▸ **What you will do**
Look through the listing below for the line containing "У межах зустрічі". Copy it and each line after it up to and including the line containing "Make an unforgettable", exactly, leaving out pictures.

▸ **Excerpted records**
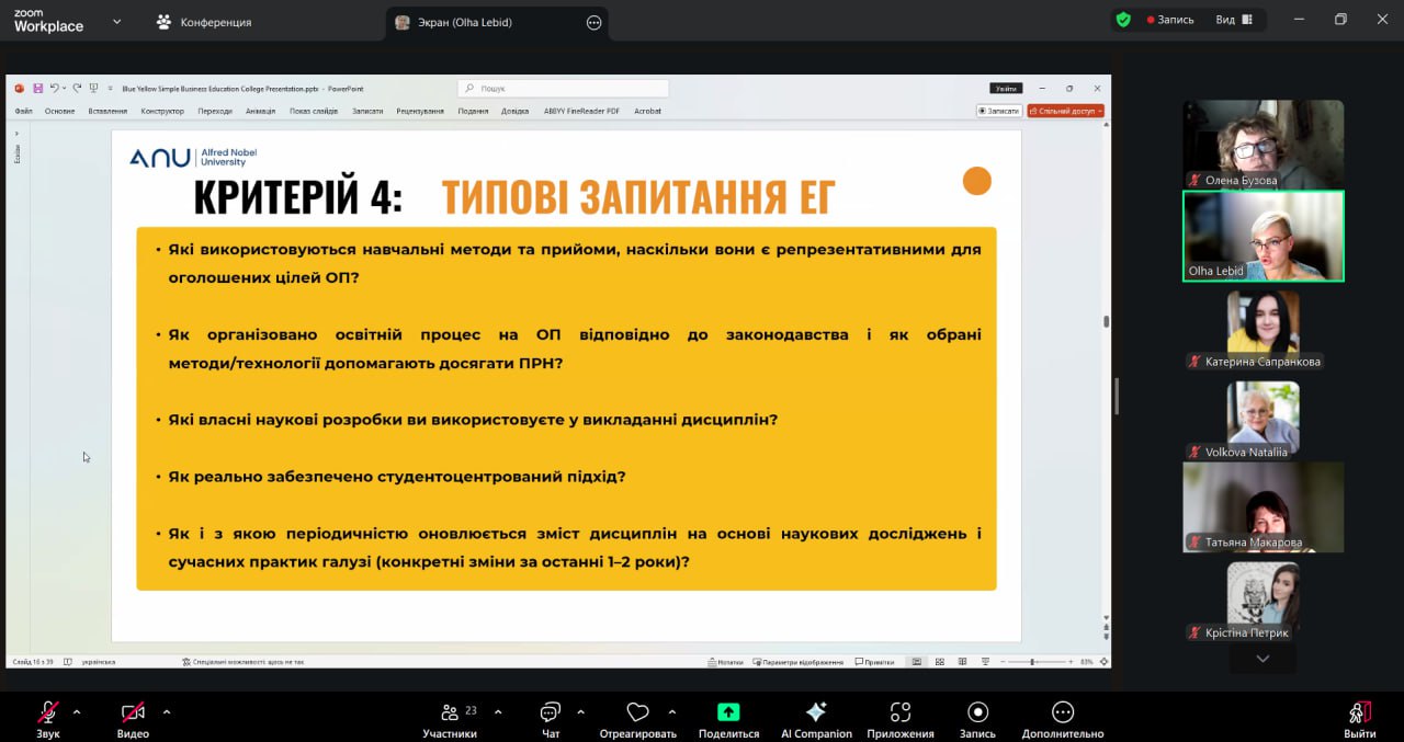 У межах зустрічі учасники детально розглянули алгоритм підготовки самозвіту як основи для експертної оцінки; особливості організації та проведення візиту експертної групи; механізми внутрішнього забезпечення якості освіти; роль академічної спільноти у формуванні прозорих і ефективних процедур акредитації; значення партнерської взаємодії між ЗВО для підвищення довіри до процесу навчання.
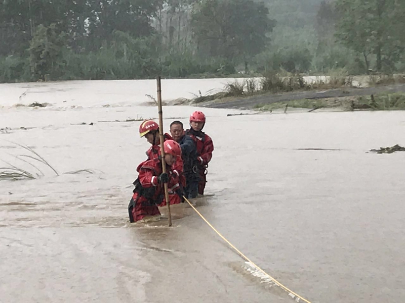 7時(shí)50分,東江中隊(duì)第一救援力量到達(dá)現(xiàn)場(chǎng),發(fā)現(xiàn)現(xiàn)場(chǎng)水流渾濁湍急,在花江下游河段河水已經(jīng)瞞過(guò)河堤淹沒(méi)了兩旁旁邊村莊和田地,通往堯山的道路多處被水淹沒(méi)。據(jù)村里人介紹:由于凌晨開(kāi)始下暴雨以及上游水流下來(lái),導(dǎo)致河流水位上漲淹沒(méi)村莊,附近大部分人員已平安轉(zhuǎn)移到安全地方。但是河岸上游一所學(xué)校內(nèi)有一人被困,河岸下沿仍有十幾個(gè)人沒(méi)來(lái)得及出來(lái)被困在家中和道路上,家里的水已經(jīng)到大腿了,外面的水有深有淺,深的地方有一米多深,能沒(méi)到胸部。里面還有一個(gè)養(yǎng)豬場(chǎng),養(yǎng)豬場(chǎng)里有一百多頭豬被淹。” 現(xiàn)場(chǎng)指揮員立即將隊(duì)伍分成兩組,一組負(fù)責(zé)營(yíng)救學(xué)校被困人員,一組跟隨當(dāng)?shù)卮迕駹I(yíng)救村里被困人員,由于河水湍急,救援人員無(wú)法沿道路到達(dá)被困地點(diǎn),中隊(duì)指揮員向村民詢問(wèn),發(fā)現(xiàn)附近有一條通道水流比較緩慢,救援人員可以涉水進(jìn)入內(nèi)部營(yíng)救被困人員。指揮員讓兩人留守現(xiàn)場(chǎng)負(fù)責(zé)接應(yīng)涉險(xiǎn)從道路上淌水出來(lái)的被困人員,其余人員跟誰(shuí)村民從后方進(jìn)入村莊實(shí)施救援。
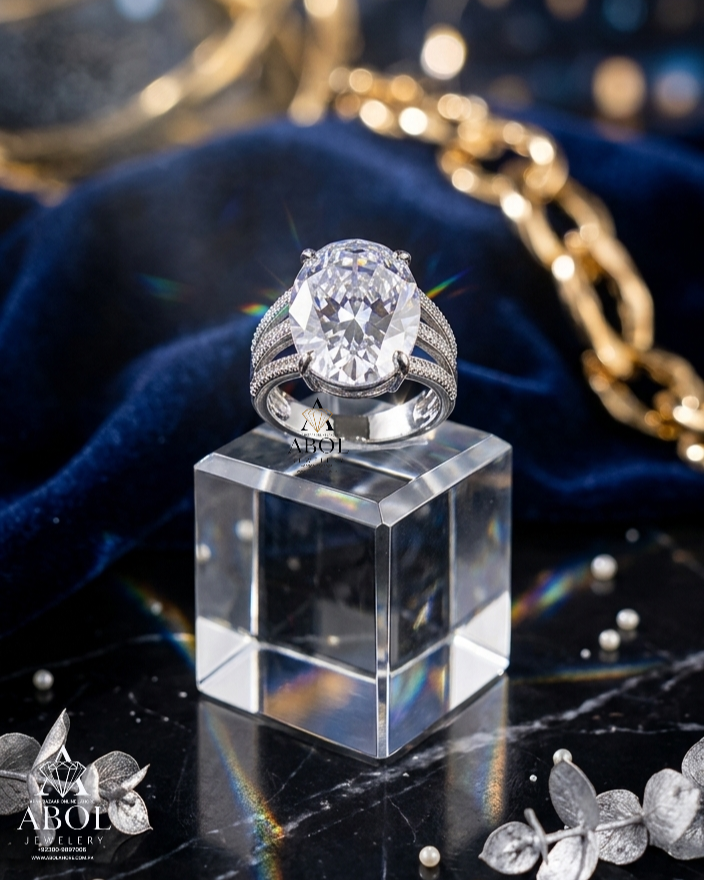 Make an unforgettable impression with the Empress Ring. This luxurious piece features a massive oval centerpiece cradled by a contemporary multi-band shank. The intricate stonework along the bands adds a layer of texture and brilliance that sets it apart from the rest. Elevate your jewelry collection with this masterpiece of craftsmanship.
--
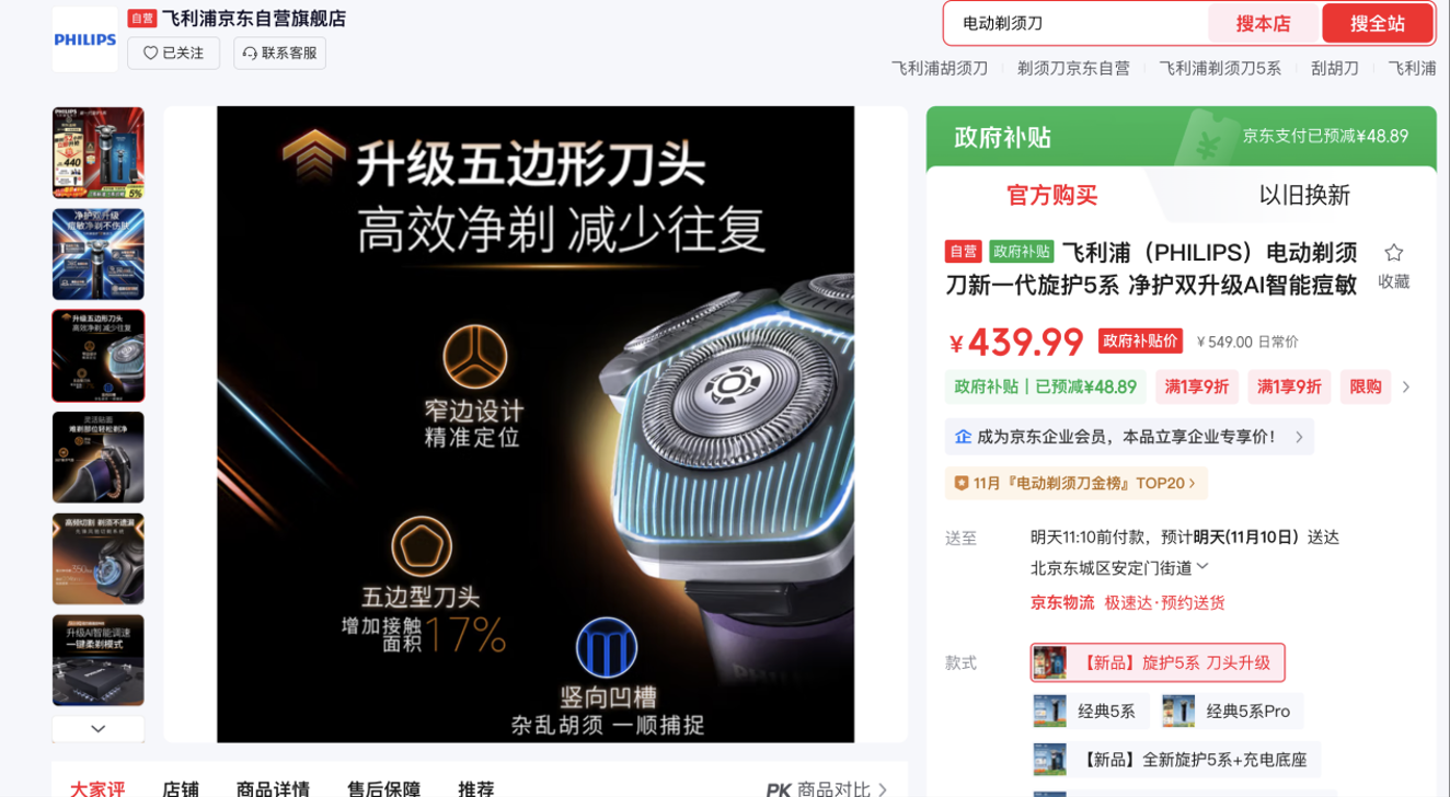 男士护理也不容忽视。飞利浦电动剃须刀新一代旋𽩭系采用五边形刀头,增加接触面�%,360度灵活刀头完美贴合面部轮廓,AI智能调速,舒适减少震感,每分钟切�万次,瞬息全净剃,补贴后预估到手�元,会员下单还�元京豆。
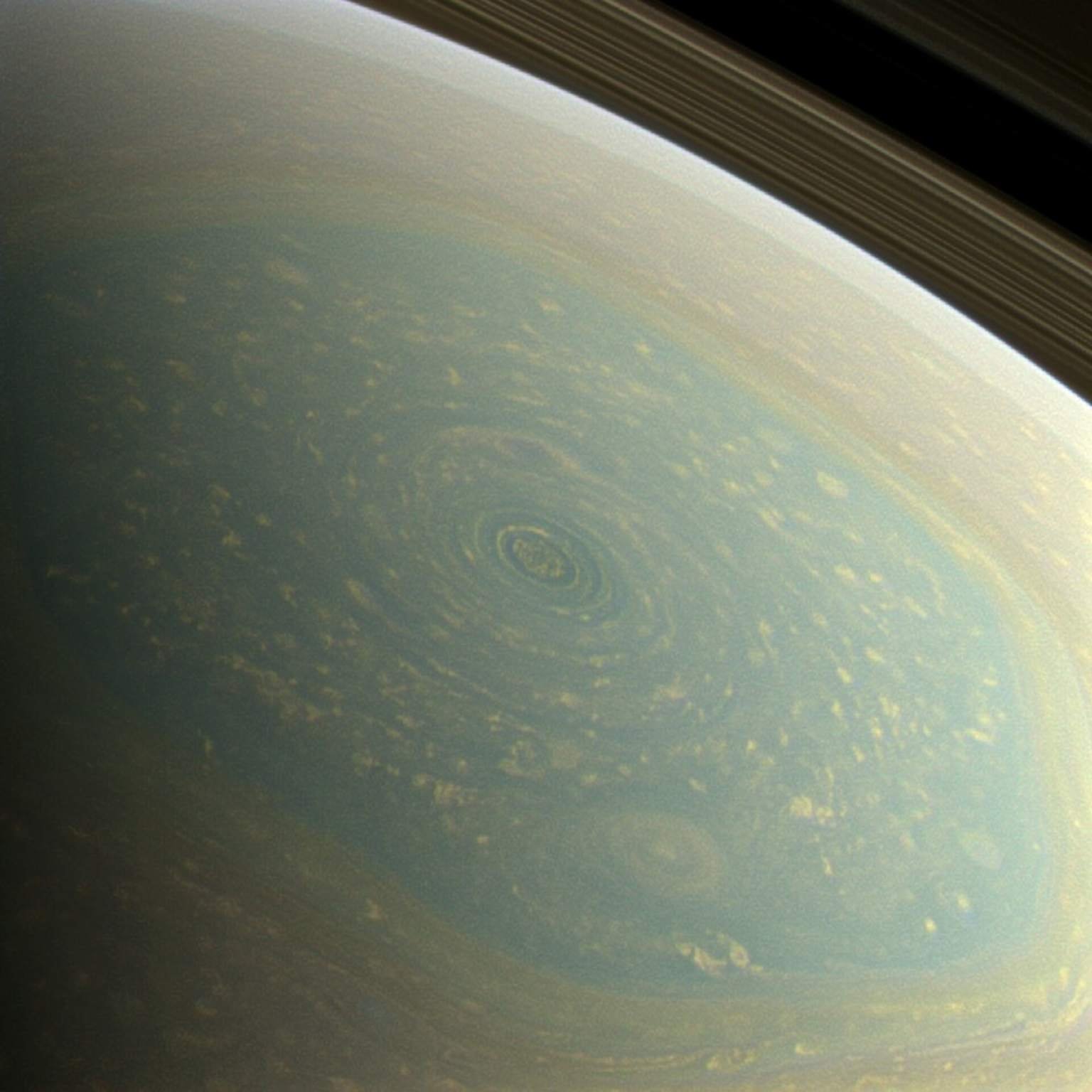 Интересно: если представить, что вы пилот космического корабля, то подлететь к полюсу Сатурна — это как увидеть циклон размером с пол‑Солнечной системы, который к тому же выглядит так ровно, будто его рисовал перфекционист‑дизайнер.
==
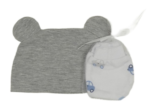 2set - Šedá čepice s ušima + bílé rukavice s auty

▸ **Response**
 У межах зустрічі учасники детально розглянули алгоритм підготовки самозвіту як основи для експертної оцінки; особливості організації та проведення візиту експертної групи; механізми внутрішнього забезпечення якості освіти; роль академічної спільноти у формуванні прозорих і ефективних процедур акредитації; значення партнерської взаємодії між ЗВО для підвищення довіри до процесу навчання.
 7時(shí)50分,東江中隊(duì)第一救援力量到達(dá)現(xiàn)場(chǎng),發(fā)現(xiàn)現(xiàn)場(chǎng)水流渾濁湍急,在花江下游河段河水已經(jīng)瞞過(guò)河堤淹沒(méi)了兩旁旁邊村莊和田地,通往堯山的道路多處被水淹沒(méi)。據(jù)村里人介紹:由于凌晨開(kāi)始下暴雨以及上游水流下來(lái),導(dǎo)致河流水位上漲淹沒(méi)村莊,附近大部分人員已平安轉(zhuǎn)移到安全地方。但是河岸上游一所學(xué)校內(nèi)有一人被困,河岸下沿仍有十幾個(gè)人沒(méi)來(lái)得及出來(lái)被困在家中和道路上,家里的水已經(jīng)到大腿了,外面的水有深有淺,深的地方有一米多深,能沒(méi)到胸部。里面還有一個(gè)養(yǎng)豬場(chǎng),養(yǎng)豬場(chǎng)里有一百多頭豬被淹。” 現(xiàn)場(chǎng)指揮員立即將隊(duì)伍分成兩組,一組負(fù)責(zé)營(yíng)救學(xué)校被困人員,一組跟隨當(dāng)?shù)卮迕駹I(yíng)救村里被困人員,由于河水湍急,救援人員無(wú)法沿道路到達(dá)被困地點(diǎn),中隊(duì)指揮員向村民詢問(wèn),發(fā)現(xiàn)附近有一條通道水流比較緩慢,救援人員可以涉水進(jìn)入內(nèi)部營(yíng)救被困人員。指揮員讓兩人留守現(xiàn)場(chǎng)負(fù)責(zé)接應(yīng)涉險(xiǎn)從道路上淌水出來(lái)的被困人員,其余人員跟誰(shuí)村民從后方進(jìn)入村莊實(shí)施救援。
 Make an unforgettable impression with the Empress Ring. This luxurious piece features a massive oval centerpiece cradled by a contemporary multi-band shank. The intricate stonework along the bands adds a layer of texture and brilliance that sets it apart from the rest. Elevate your jewelry collection with this masterpiece of craftsmanship.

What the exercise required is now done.